I once heard a speaker on a Billy Graham crusade state that he stole a Bible out of a motel. I wonder if stealing unused Lutheran Hymnals from Lutheran Church Missouri Synod churches would be considered a sin as they have that gee whiz new worship book all the apostates just get wide eyed over.
Thank you for the link.
I started out with a King James Bible and still read it, as nothing I ever found was worth anything. The second hand store has lots of Bibles and I constantly am picking them up, as at 40 bucks a sell ye pop, that is more expense than I care to ever have.
In that, I happened upon one I have mentioned in The Book, by Tyndale publishing. I never thought much of it when I picked it up, as some jazzbo had put marker tags on the book, and I like looking at people's Bibles as they always have things stuffed in them, but this translation is the best I have found, as it is easy to understand, and is the one I do my daily Bible reading with.
I was surprised that there are a number of good modern French translations.
I mentioned this years ago, but I started using the Bible as divining instrument. I had no idea until I watched a PBS detective series about Cadfael a monk, that the Catholics have a rite doing this.
It helps a great deal in my Bible studies to ask the Holy Ghost to guide me in opening it, and then to make the interpretation certain.
I do feel humbled by people who think enough to write or donate. I used to get checks on my report card for talking too much in class. Actually I received two checks in each box and was constantly set in the school bus front seat for never shutting up. To have people now actually listening to me and thinking it is worth something is something I have not gotten over. I know the things God says are priceless, and I know this is all God's Workings, but my part in it does not seem worth a plug nickel.
To let you in on things, I do listen hard to God and work hard at this.
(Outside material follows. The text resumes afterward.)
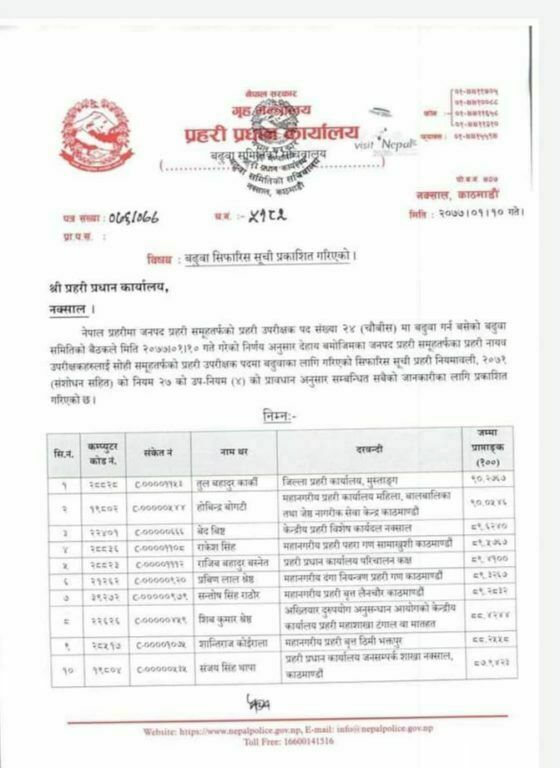 नेपाल प्रहरीका २४ डिएसपी एसपी बढुवा सिफारिस (नामावलीसहित)

I do get uneasy about the things which I have been posting. Not the content, but sometimes things feel off. Sometimes it is interference and sometimes I doubt too, as I see new information posted and then it takes some more work to be shown how things fit.
Please know I pray for each of you, and I honestly want better things for you than I would ever have. As TL and I were discussing things the other night, TL was asking about the new heavens, and I just smiled as I replied that I do not invest a great deal of thought into what things will be like, as all I am trying for is to be in Heaven.
I do care about things, and I wonder if I bother God about it all, as there is that New Jerusalem in that 200 mile cube. I do not like cities, and was telling TL that if I had a tree to lay under with maybe Daisy as my pillow, that is all I would want.
Maybe Joan will allow me to sleep under her Fairy Tree sometime.
I see that the devil is busy in not wanting this published, as it froze everything......then again it might be something I published or is about to be published. My elderly system here just does not respond well to being stomped on by an NSA gorilla.
It might be a thing of publishing on the go.
I desire you to know that you are in my thoughts and prayers.
God bless and keep you and those you love, in binding all evil in neutralizing it, to never touch you or your lives. God heal all of you with perfect restoration. May God's Peace be in You, through you and with you always unto life everlasting, in Jesus Name Amen and Amen.